A SUSTAINABLE RAW RICE HUSK ADSORBENT FOR EFFECTIVE LEVOFLOXACIN REMOVAL FROM AQUEOUS SOLUTION: KINETIC, THERMODYNAMIC AND ISOTHERM STUDIES
DOI:
https://doi.org/10.36103/ijas.v54i5.1841Keywords:
adsorption, Freundlich model, optimizationAbstract
Levofloxacin (LEV) is an important and widely used antibiotic. It is used to treat many bacterial infections. It may be found in water sources as a result of incomplete metabolism in humans and other sources. In this study, the adsorption of Levofloxacin by raw rice husk (RRH) was investigated. The effect of pH, time, temperature, RRH weight, and initial Levofloxacin concentration on the adsorption process were determined. Kinetic, isotherm and thermodynamic models were studied to explain the Levofloxacin adsorption mechanism on raw rice husk.

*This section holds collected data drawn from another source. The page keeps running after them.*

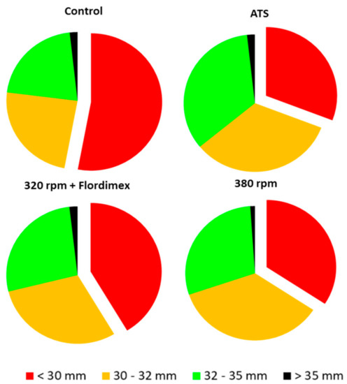 Crop load management (CLM) dramatically reduced the number of small undersized fruits at harvest: from 53% in the un-thinned control to 41% after mechanically thinning at 320 rpm, and from 34% at 380 rpm to 31% with ATS (Figure 5). The sugar content and fruit firmness were not affected by any of the treatments (results not shown).
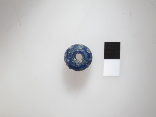 Perla tondeggiante medio-grande in pasta vitrea azzurra con decorazione a zig-zag saltata. Tipo D Gambacurta, G. 1987: "perle con decorazione a zig-zag".
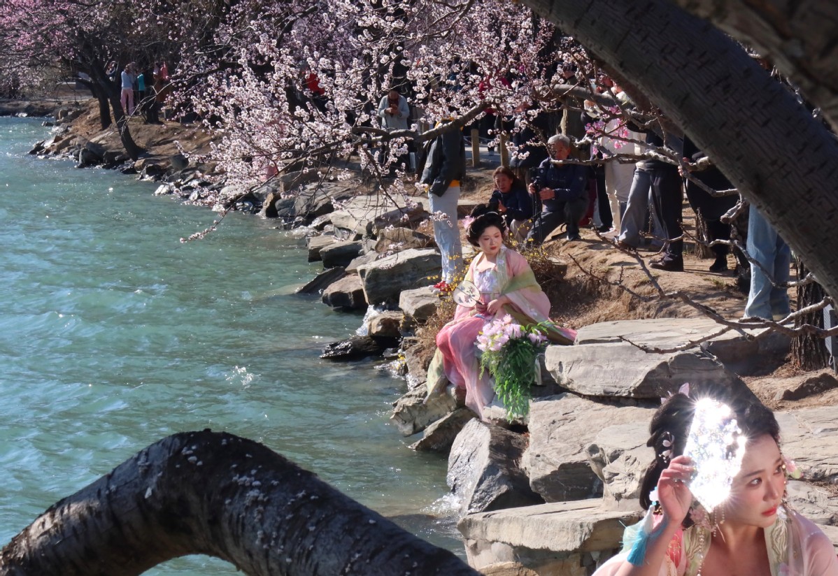 take pictures among blossoms at the Summer Palace in Beijing on March 16, 2025. [Photo by Jiang Dong/chinadaily.com.cn]
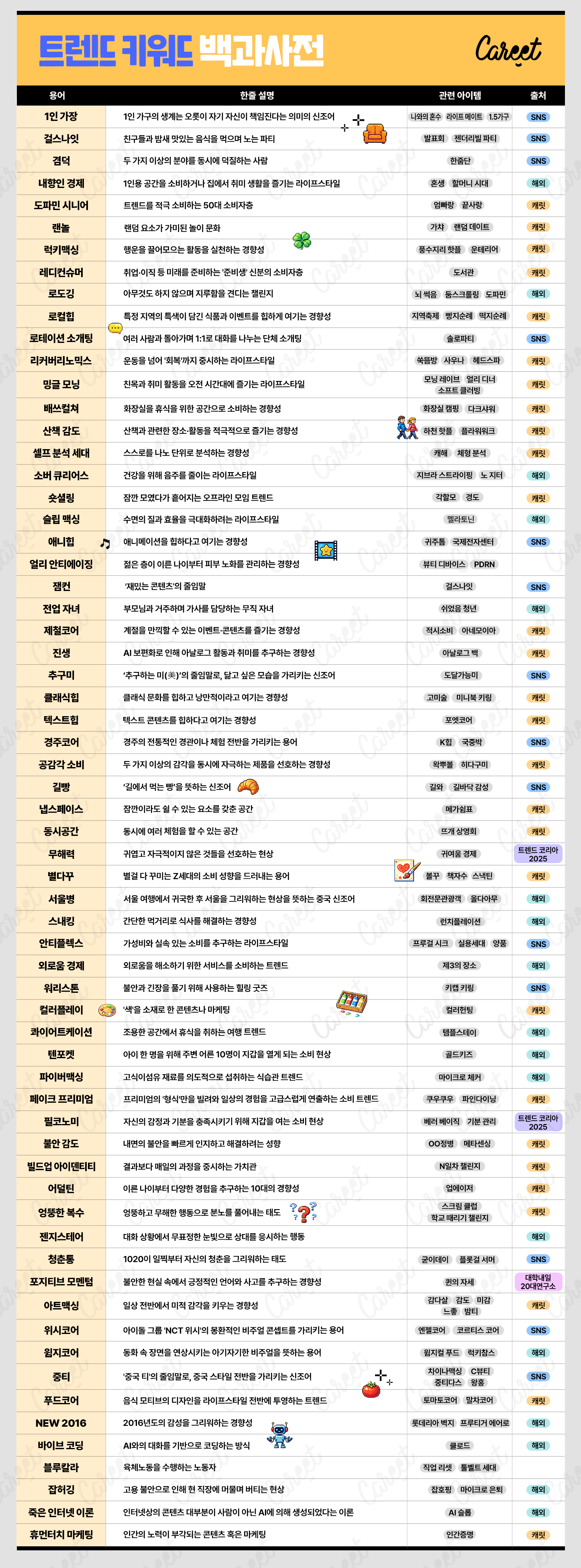 하지만 막상 찾으려고 하면, 우리 브랜드 기획에 핏한 트렌드 키워드가 쉽게 떠오르지 않을 때가 많습니다. 그래서 캐릿이 독자분들이 업무에 바로바로 사용하실 수 있도록 산발적으로 흩어진 최신 트렌드 키워드를 모았습니다. 국내외 트렌드 키워드는 물론, 최신 SNS에서 자주 쓰이는 신조어를 폭넓게 담았고요. 제안서의 설득력을 더해줄 정량 지표와 최신 사례, 출처까지 한눈에 보기 좋게 정리했습니다. 이번 콘텐츠를 북마크하시고, 필요하실 때마다 꺼내보세요!

The results of adsorption kinetics and isotherms revealed that the adsorption of LEV by RRH was better fitted with the Intraparticle model with coefficient of determination (R2=96%), while the Langmuir model represents the best isotherm model to describe the adsorption process with (R2 =95%). The removal efficiency reached 99% , the monolayer maximum uptake qmax is 2.47 mg/g and the adsorption intensity parameter (1/n) value is 0.763, which means that the adsorption is favorable. According to the thermodynamic coefficients, the adsorption process was spontaneous and feasible for the temperatures under investigation; the sorption efficiency was more favorable at higher temperatures, and the adsorption process is endothermic.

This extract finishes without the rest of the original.